I own a Craftsman 9.5HP, 27" 2-Stage Blower (Model #944.525392) purchased in Feb. 2007 and this machine has worked fine thru some pretty severe eastern-Nfld. winters and is well looked-after and stored inside when not in use. This morning, after clearing last evenings 20+cm snowfall, I was cleaning snow remnanats from the auger & impellor as I usually do before putting her in the shed when I noticed some side-to-side free-play in the auger assembly? I could move by hand the auger assembly back and forth approx. 1/4 inch or so. Is this normal? (hadn't noticed it before) ... the Blower works fine and had no trouble clearing last night's snowfall.

Any input appreciated!


----------



## Pythons37 (Nov 9, 2012)

I have a 10HP 27" Noma. I just went out and checked mine. Yup. It looks like normal play.


----------



## HCBPH (Mar 8, 2011)

Long as you hae the correct size shearbolts in it, I wouldn't worry about it.
If on the other hand you need 5/16" and have 1/4" shearbolts in there, I'd get the right ones in.


----------



## Savage61 (Jan 23, 2013)

Thanks for the replies folks. Shearpins are OEM and are intact ... I should clarify about the free-play I was attempting to describe ... the free-play ISN'T each individual auger on each of their respective shafts, but the WHOLE assembly; augers, auger shafts, gearbox and auger drive shaft from the impellor ... the whole assembly together can move back and forth (left to right) by about 1/4 inch or more ...


----------



## HCBPH (Mar 8, 2011)

Long as the end panels of the auger housing are straight, you will have a little play. Sounds normal to me.


----------



## Simplicity Solid 22 (Nov 27, 2012)

Could be the bushings might need replacing maybe...they do wear out.
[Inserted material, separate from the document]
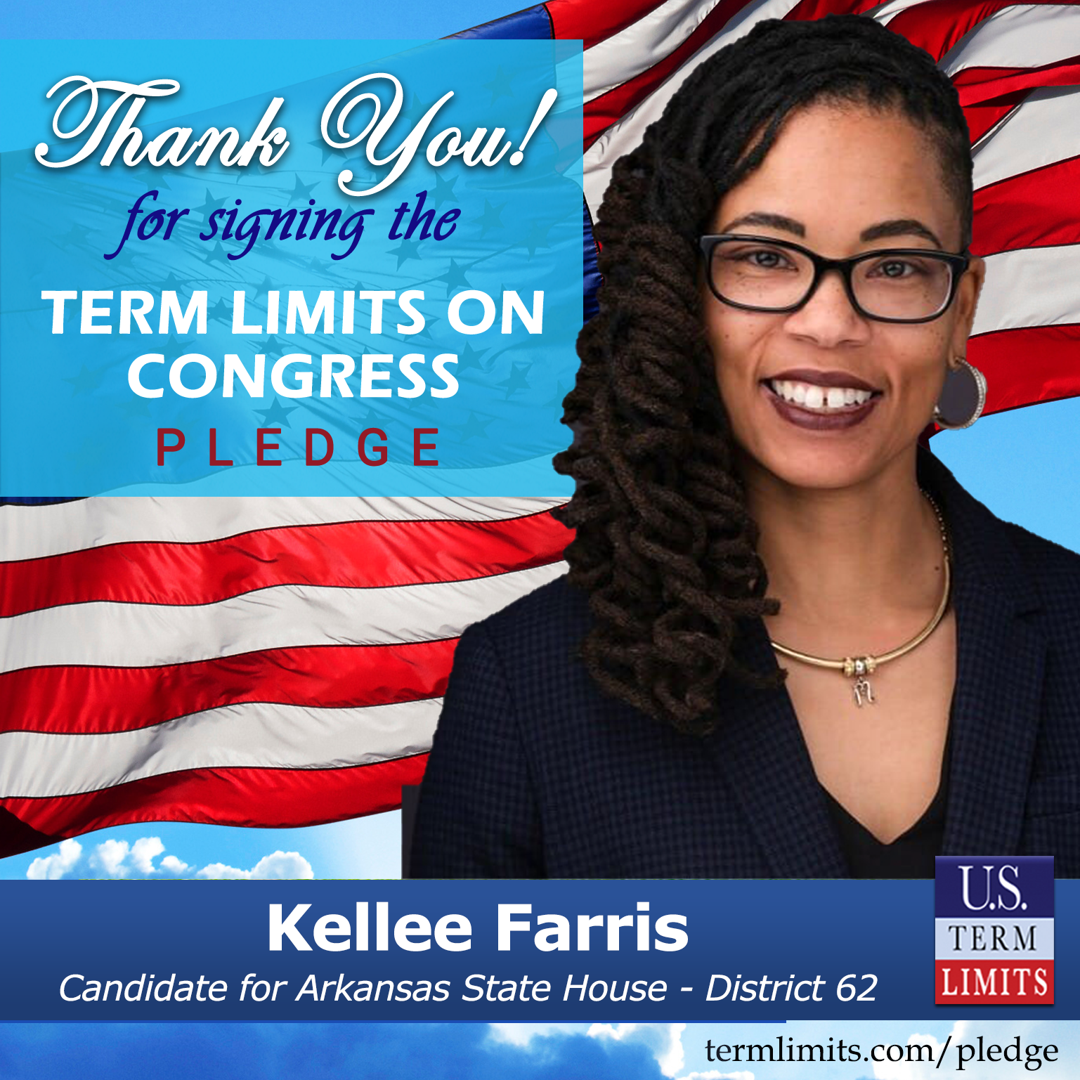 Helena, AR – U.S. Term Limits (USTL), the leader in the national, non-partisan movement to limit terms for elected officials, is gathering support from state lawmakers across the nation. Its mission is to get 34 states to apply for an amendment proposal convention specific to term limits on Congress. Arkansas state house candidate, Kellee Farris (District 62), has committed support for term limits on Congress by signing the term limits convention pledge. Farris is the first signer in this race.

This video might help.....the whole video is pretty good but you might be interested from 4:05 to 5:50 up to 6:28 is probably key for you....


----------



## Savage61 (Jan 23, 2013)

Thanks for that video ... taught me a lot! I'm sure after watching that worn bearings on the outboard ends of the auger shafts at the bucket are contributing to what I'm seeing with my Blower. We're having almost daily snowfall here in eastern Nfld. this winter so a repalcement of the bearings may not come until Spring.

Again thanks for all the replies folks ... this Website and the kind contributors are a great resource!!


----------



## Blackstar (Dec 27, 2010)

Hey Savage... How ya doin? I'm assuming you are the same Savage from NL Biker forums.  Great site the guys have here. All kinds of help. I had probs with my blower twice and found good help here both times.


----------



## Savage61 (Jan 23, 2013)

One and the same! Nice to see ya Blackstar ... and yes this is a great Forum and resource for sure!


----------



## Blackstar (Dec 27, 2010)

with all the snow you guys have gotten over the past couple months you wanna make sure your blower is in tip top shape. We haven't had it too awful bad yet. I've had mine out 4 or 5 times so far. I was cleaning out the neighbour's driveway when I caught a piece of his firewood and broke mine again. 
Good luck with the rest of the season...


----------